I enjoyed the game back in the day and played Master Quest as well but I don’t think I’d super enjoy a playthrough now.
feels truly perverse as an angle of appreciation but i like the cutscenes in ocarina of time a lot… straining for maximum atmosphere with these little puppet people who often seemed able to hardly animate or emote, trying to make up for that by making the camera shots these ever more dramatic and distant tableaux. i feel like for later games they found a range of animation they were more comfortable with (mild cartooniness for the serious characters balanced out with more consistent exaggeration for everyone else) but it hadn’t quite settled yet so there are all these scenes of characters standing stock still and 10 ft apart, forced into reciting at each other more elliptically than usual due to the weird theatrical constraints, and then at the end of each scene link just abruptly rotates and does his frantic little jog away. one of those things where awkward execution gives the whole thing a yearning quality that partly redeems the self-seriousness it was meant to convey.
also the gossip stones were cool,
i liked goldeneye / perfect dark / jet force gemini… i guess if i was trying to pick out things that were specific to the n64 as a console one of them might be the way nintendo fussiness kind of made all the shooters take place in the same askew, serial-numbers-filed-off dimension as the snes wolfenstein port. perfect dark is the mangled snes wolfenstein version of some more coherently ““cyberpunk”” fps, jet force gemini is the snes wolfenstein port of starship troopers etc
as a lad i got a playstation way too early, the original model with rca outputs and a bad laser, then a pc later on. the pc stuff at the time was just way cooler than anything on consoles to me back then, proper sneered at the idea of playing goldeneye on a controller vs quakeworld
between that and having a snes in the uk previously, where you just sort of took it as a given that anything cool wasn’t going to come out locally n64 just never really got a look in with me at all, so i first played oot on the gamecube reissue after ~5 years of exposure to online americans saying it was the greatest thing and was like “is that it?”
3ds port went down a lot easier, only time i finished it
I had Body Harvest when I was a kid and it blew my mind. This whole big world to freely explore! Hop into any vehicle! Blow up aliens that explode in cool ways!

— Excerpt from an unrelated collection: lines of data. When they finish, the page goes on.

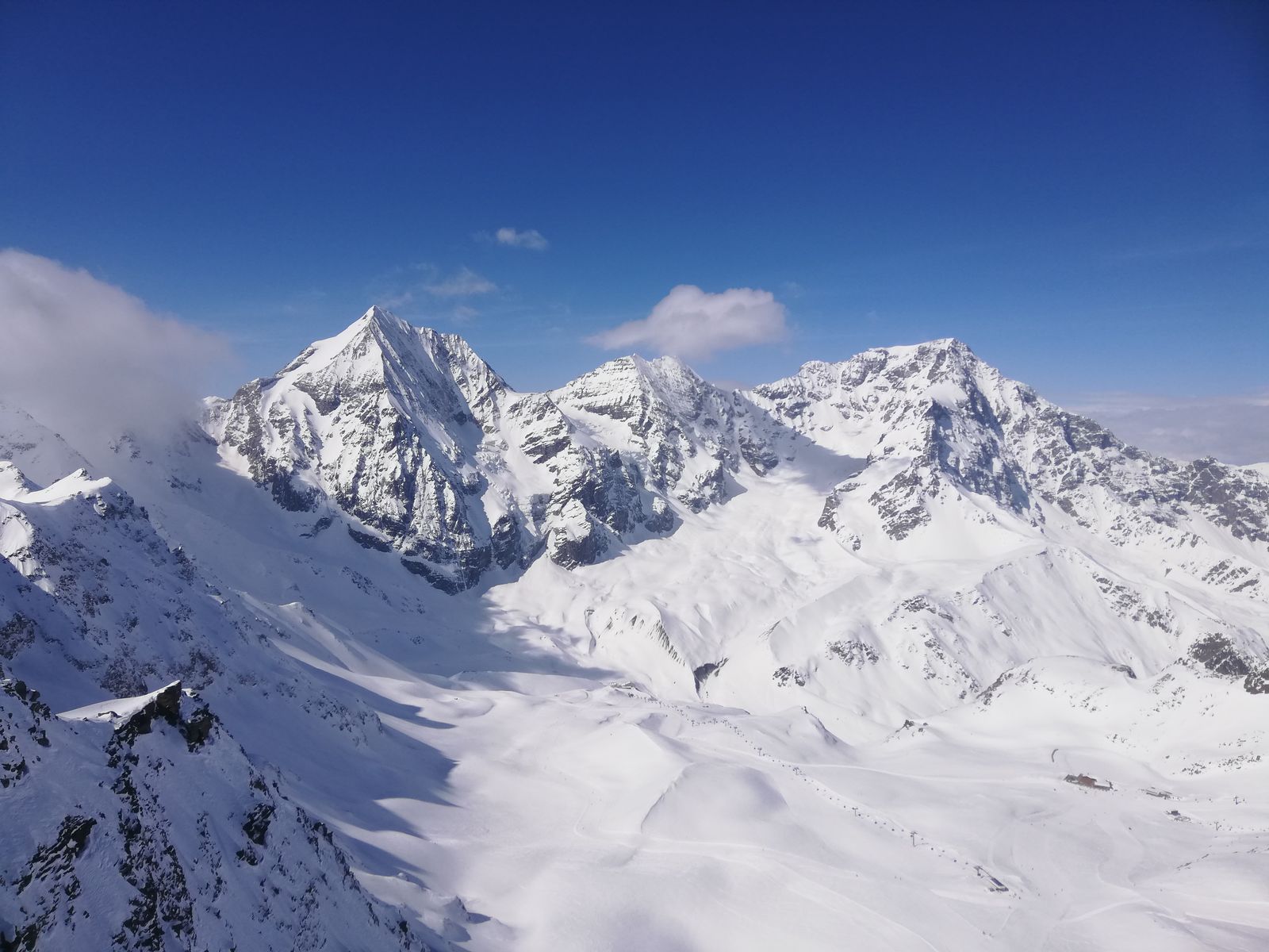 Abfahrt wie Aufstieg. Auf dem Gletscher gut fahrbarer, meist etwas gepresster Pulverschnee, unterhalb der Marteller Hütte harschig und pistenmäßig eingefahren.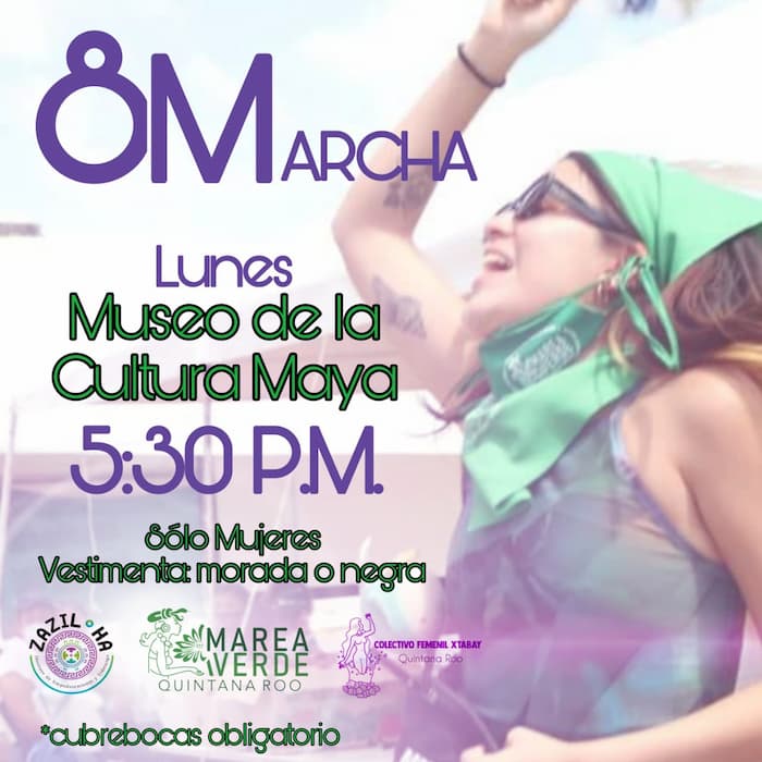 Marea Verde invita a la concentración que se llevará a cabo en Chetumal para celebrar el Día Internacional de la Mujer.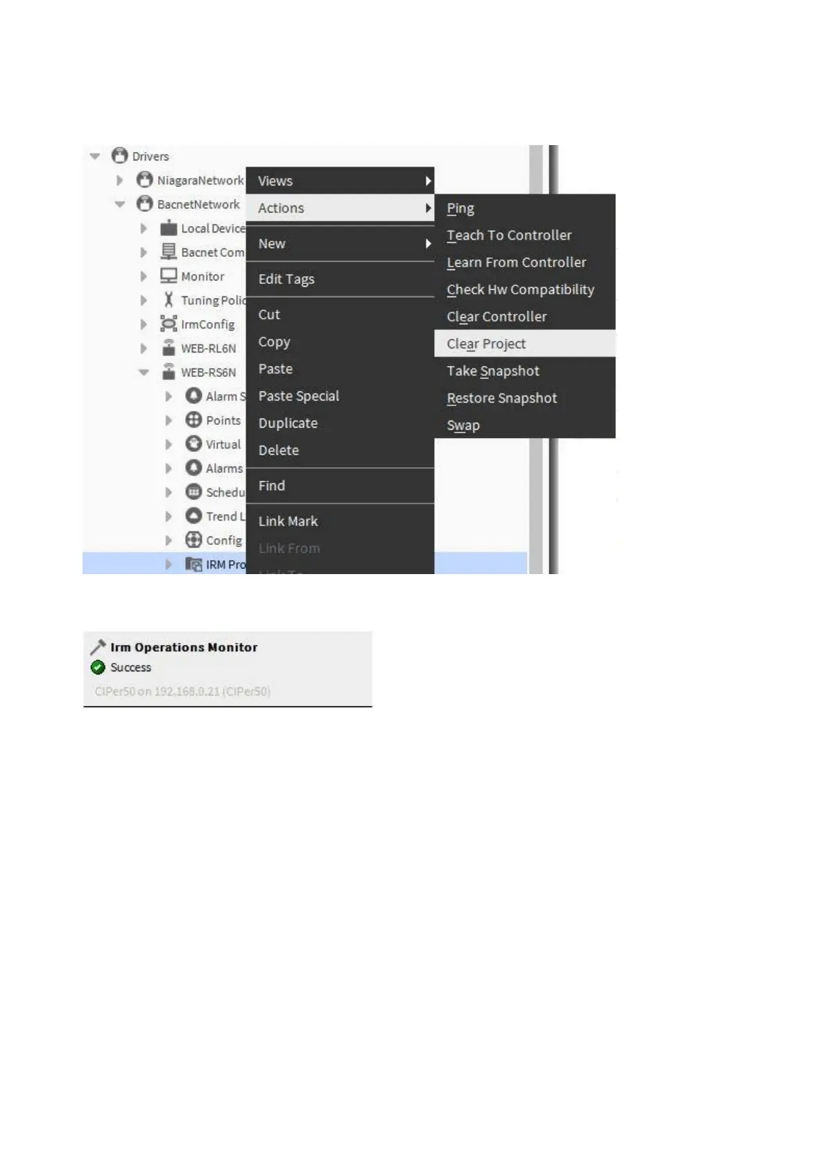 1. Right-click on IRM Program in the tree, then click Actions, and then click Clear Project in the context menu.

And the world felt full of things to discover despite being mostly barren. Cruising around on a motorbike and stumbling upon an airfield! Finding a island out in the ocean! Breaking into area 51 and getting a UFO! Getting a combine harvester and shredding zombies! Luring kids to safety with an ice cream truck! It ruled. It felt like being in an over-ambitious b-movie, especially since the game itself was over-ambitious (but still pulled a surprising amount off).
Oh man, and it felt so EPIC YO if you fucked up and let too many humans get harvested and one of those big demon dudes spawn. I remember really liking how the aliens felt like they had roles to fill, like different kinds of ants, and you had to deal with their onslaught a certain way because of that. The attacks felt ORGANISED which really did a lot to suck you in.
I mean, it was sure janky as hell, especially the on-foot controls. And it has a TERRIBLE save system. But I loved the game to bits. This was definitely a spiritual predecessor to the 3D GTA games, yeah.